# Summary

The goal of this project was to predict the likelihood of injury for a given player in the NFL. The injuries per game, player statistics per game, and team statistics per game data were gathered from the Sportsradar US API. After importing deconding the JSON objects, the data was assembled into dataframes and the dependent variables (outputs) were added to the player stats dataframe. The data was first modeled using a logistics regression.

# Importing the Data

A series of functions was written to call the API and unwrap the nested dictionaries from the JSON responses.

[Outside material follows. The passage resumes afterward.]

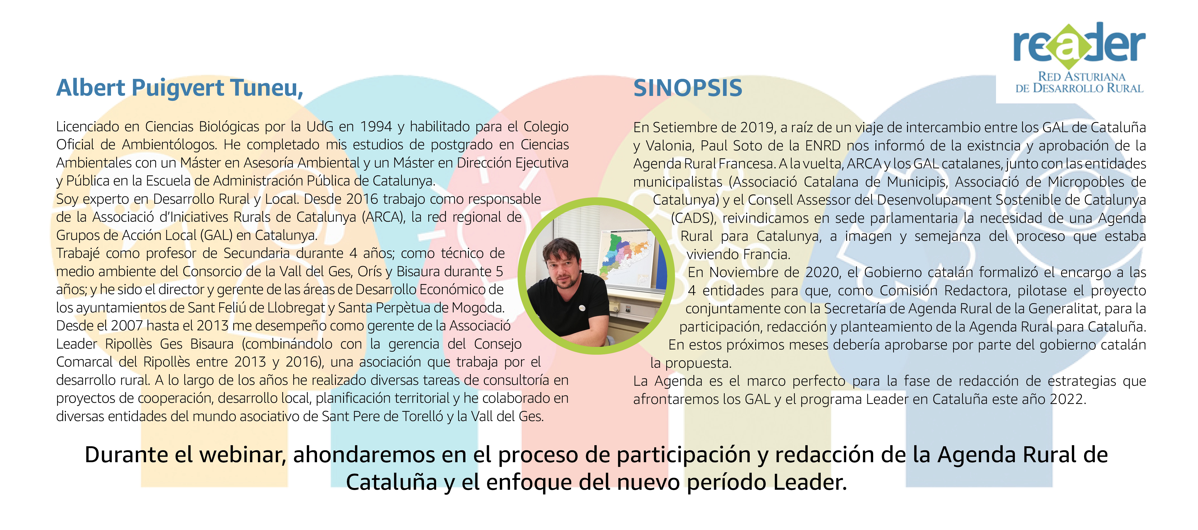 El gerente de la Associació d'Iniciatives Rurals de Catalunya (ARCA), Albert Puigvert Tuneu, nos acercará este lunes, 14 de marzo entre las 09.00 y 10.00 hora, a la agenda rural de Cataluña y a cómo se gestionan los fondos Leader en territorio catalán. El marco del encuentro digital es una serie de videoconferencias que se celebrarán los siguientes lunes de marzo y abril, organizado por la Red Asturiana de Desarrollo Rural (READER) para conocer cómo se están gestionando estas ayudas en otros territorios, tanto nacional como europeo.

This code is written for importing only the defense statics only, other statistics will be imported and modeled later (ran out of API calls for given timeperiod).

In [1]:
import pandas as pd
import numpy as np
import matplotlib.pyplot as plt
%matplotlib inline
import NFL_api
import time
import pickle

In [3]:


season_type = 'REG'
year = 2015
weeks = [1, 2, 3, 4, 5, 6, 7, 8]
injuries_df = pd.DataFrame()
stat_keys = ['defense']
player_stat = pd.DataFrame()
team_stat = pd.DataFrame()

for i in weeks:
    sched = NFL_api.api_get_weekly_schedule(year, season_type, i)
    sched = NFL_api.flatten_schedule(sched)
    time.sleep(1)
    
    
    for n in range(0,len(sched)):
        home_team = sched.ix[n]['home']
        away_team = sched.ix[n]['away']
        injuries = NFL_api.api_get_injuries(year, season_type, i, away_team, home_team)
        injuries = NFL_api.flatten_injuries(injuries)
        injuries['week_num']=i
        injuries['year_num']=year
        injuries_df = injuries_df.append(injuries)
        time.sleep(1)
        
        for m in stat_keys:
            stat = NFL_api.api_get_stats(year, season_type, i, away_team, home_team)
            player, team = NFL_api.flatten_game_stats(stat, m)
            time.sleep(1)
            player['week_num']=i
            team['week_num']=i
            player['year_num']=year
            team['year_num']=year
            player_stat = player_stat.append(player)
            team_stat = team_stat.append(team)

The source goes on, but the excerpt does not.